[[ Exercise materials, beginning ]]

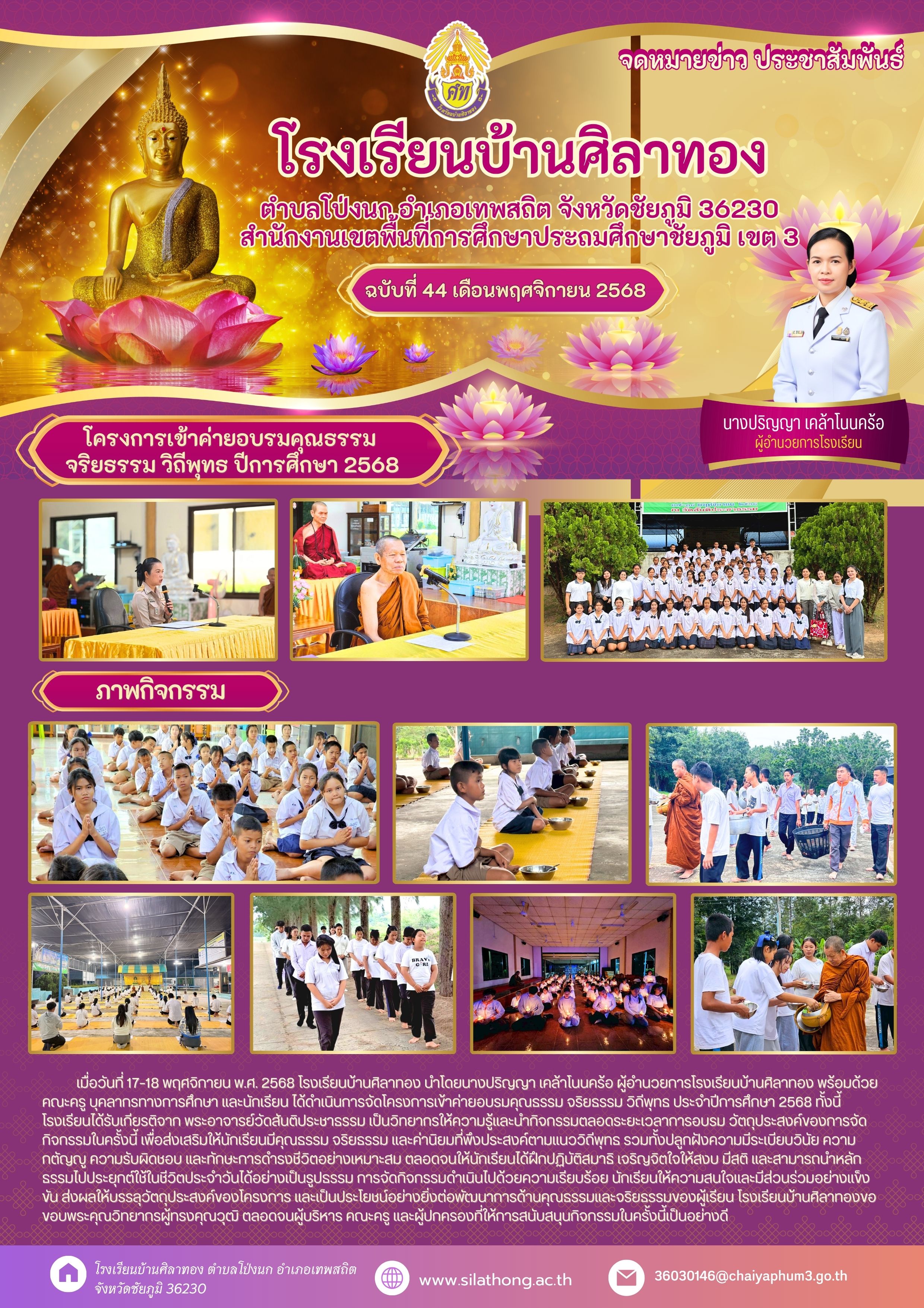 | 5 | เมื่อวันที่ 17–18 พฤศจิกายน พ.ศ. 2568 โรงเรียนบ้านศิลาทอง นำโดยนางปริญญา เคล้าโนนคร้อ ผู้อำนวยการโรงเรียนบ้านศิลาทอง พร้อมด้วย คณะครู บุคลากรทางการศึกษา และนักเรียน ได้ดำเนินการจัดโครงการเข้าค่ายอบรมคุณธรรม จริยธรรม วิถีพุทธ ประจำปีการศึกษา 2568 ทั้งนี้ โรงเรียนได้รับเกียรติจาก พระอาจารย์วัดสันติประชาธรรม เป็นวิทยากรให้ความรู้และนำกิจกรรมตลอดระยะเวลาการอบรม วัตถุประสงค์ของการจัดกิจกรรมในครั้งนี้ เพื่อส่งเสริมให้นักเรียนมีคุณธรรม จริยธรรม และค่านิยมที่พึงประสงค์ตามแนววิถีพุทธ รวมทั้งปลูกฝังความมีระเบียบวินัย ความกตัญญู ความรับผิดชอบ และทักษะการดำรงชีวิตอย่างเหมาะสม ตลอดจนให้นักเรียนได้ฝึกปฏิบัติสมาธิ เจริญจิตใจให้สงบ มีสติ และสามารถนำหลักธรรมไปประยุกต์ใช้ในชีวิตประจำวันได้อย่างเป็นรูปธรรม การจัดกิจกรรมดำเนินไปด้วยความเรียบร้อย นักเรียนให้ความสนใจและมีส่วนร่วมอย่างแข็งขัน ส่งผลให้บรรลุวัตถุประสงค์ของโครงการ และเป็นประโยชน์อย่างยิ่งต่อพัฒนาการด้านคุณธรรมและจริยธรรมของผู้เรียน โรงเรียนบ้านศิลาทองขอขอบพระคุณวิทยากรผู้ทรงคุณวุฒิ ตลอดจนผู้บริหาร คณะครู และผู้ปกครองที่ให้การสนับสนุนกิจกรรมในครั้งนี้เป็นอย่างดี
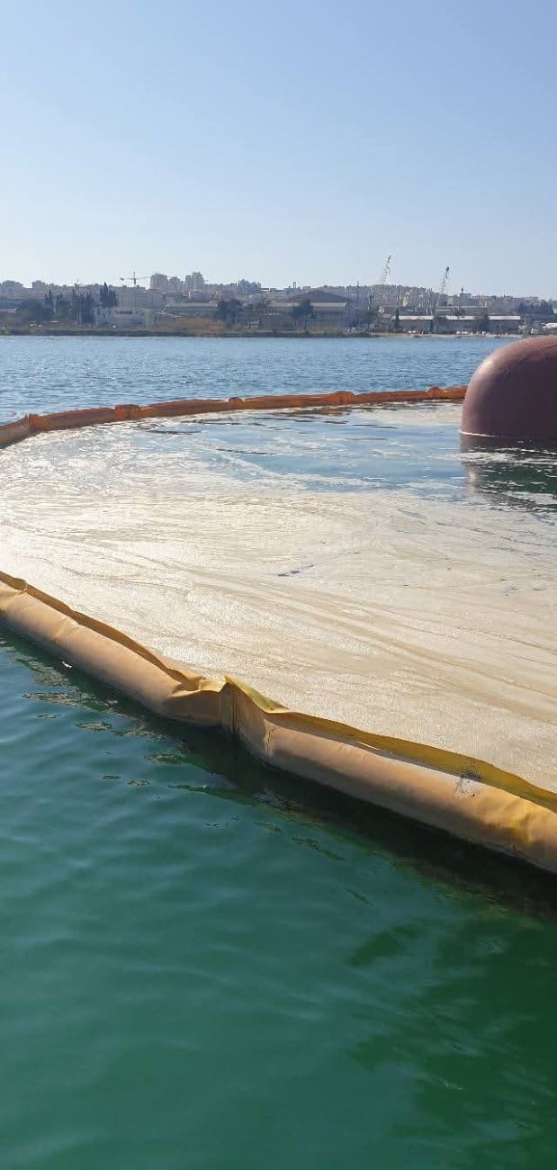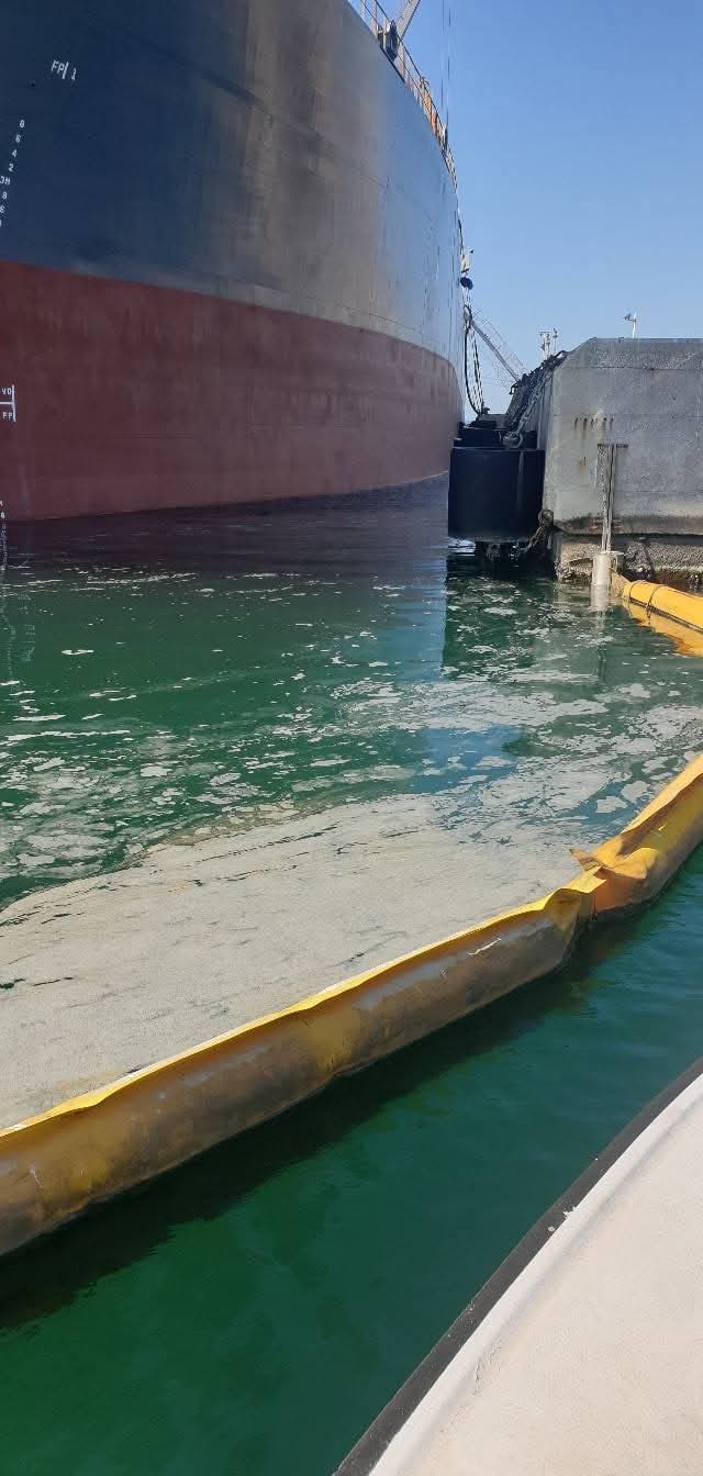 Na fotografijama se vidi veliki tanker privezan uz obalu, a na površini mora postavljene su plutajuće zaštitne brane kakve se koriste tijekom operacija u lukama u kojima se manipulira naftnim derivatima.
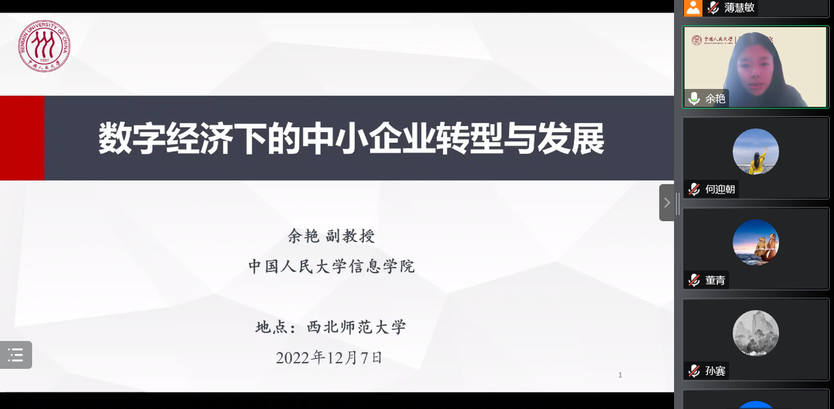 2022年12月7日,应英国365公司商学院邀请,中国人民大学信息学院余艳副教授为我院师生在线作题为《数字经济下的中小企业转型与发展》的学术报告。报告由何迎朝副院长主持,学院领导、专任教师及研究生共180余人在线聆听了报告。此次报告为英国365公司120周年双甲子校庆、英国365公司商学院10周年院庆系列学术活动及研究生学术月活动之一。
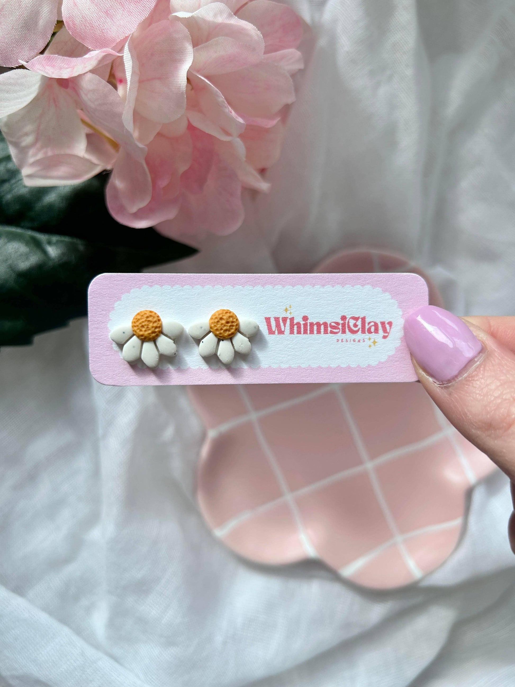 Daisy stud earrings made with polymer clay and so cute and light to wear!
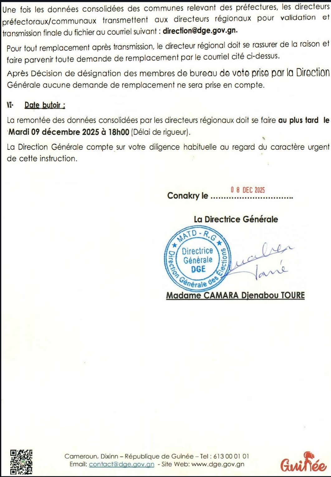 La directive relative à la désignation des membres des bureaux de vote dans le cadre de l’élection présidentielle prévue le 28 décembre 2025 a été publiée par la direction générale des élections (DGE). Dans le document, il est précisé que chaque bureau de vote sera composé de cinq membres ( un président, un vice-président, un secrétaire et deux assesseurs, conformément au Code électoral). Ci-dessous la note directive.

[[ Exercise materials, end ]]

Activity >> Strip the images and reproduce the remaining records precisely.

Answer section >>
 | 5 | เมื่อวันที่ 17–18 พฤศจิกายน พ.ศ. 2568 โรงเรียนบ้านศิลาทอง นำโดยนางปริญญา เคล้าโนนคร้อ ผู้อำนวยการโรงเรียนบ้านศิลาทอง พร้อมด้วย คณะครู บุคลากรทางการศึกษา และนักเรียน ได้ดำเนินการจัดโครงการเข้าค่ายอบรมคุณธรรม จริยธรรม วิถีพุทธ ประจำปีการศึกษา 2568 ทั้งนี้ โรงเรียนได้รับเกียรติจาก พระอาจารย์วัดสันติประชาธรรม เป็นวิทยากรให้ความรู้และนำกิจกรรมตลอดระยะเวลาการอบรม วัตถุประสงค์ของการจัดกิจกรรมในครั้งนี้ เพื่อส่งเสริมให้นักเรียนมีคุณธรรม จริยธรรม และค่านิยมที่พึงประสงค์ตามแนววิถีพุทธ รวมทั้งปลูกฝังความมีระเบียบวินัย ความกตัญญู ความรับผิดชอบ และทักษะการดำรงชีวิตอย่างเหมาะสม ตลอดจนให้นักเรียนได้ฝึกปฏิบัติสมาธิ เจริญจิตใจให้สงบ มีสติ และสามารถนำหลักธรรมไปประยุกต์ใช้ในชีวิตประจำวันได้อย่างเป็นรูปธรรม การจัดกิจกรรมดำเนินไปด้วยความเรียบร้อย นักเรียนให้ความสนใจและมีส่วนร่วมอย่างแข็งขัน ส่งผลให้บรรลุวัตถุประสงค์ของโครงการ และเป็นประโยชน์อย่างยิ่งต่อพัฒนาการด้านคุณธรรมและจริยธรรมของผู้เรียน โรงเรียนบ้านศิลาทองขอขอบพระคุณวิทยากรผู้ทรงคุณวุฒิ ตลอดจนผู้บริหาร คณะครู และผู้ปกครองที่ให้การสนับสนุนกิจกรรมในครั้งนี้เป็นอย่างดี
 Na fotografijama se vidi veliki tanker privezan uz obalu, a na površini mora postavljene su plutajuće zaštitne brane kakve se koriste tijekom operacija u lukama u kojima se manipulira naftnim derivatima.
 2022年12月7日,应英国365公司商学院邀请,中国人民大学信息学院余艳副教授为我院师生在线作题为《数字经济下的中小企业转型与发展》的学术报告。报告由何迎朝副院长主持,学院领导、专任教师及研究生共180余人在线聆听了报告。此次报告为英国365公司120周年双甲子校庆、英国365公司商学院10周年院庆系列学术活动及研究生学术月活动之一。
 Daisy stud earrings made with polymer clay and so cute and light to wear!
 La directive relative à la désignation des membres des bureaux de vote dans le cadre de l’élection présidentielle prévue le 28 décembre 2025 a été publiée par la direction générale des élections (DGE). Dans le document, il est précisé que chaque bureau de vote sera composé de cinq membres ( un président, un vice-président, un secrétaire et deux assesseurs, conformément au Code électoral). Ci-dessous la note directive.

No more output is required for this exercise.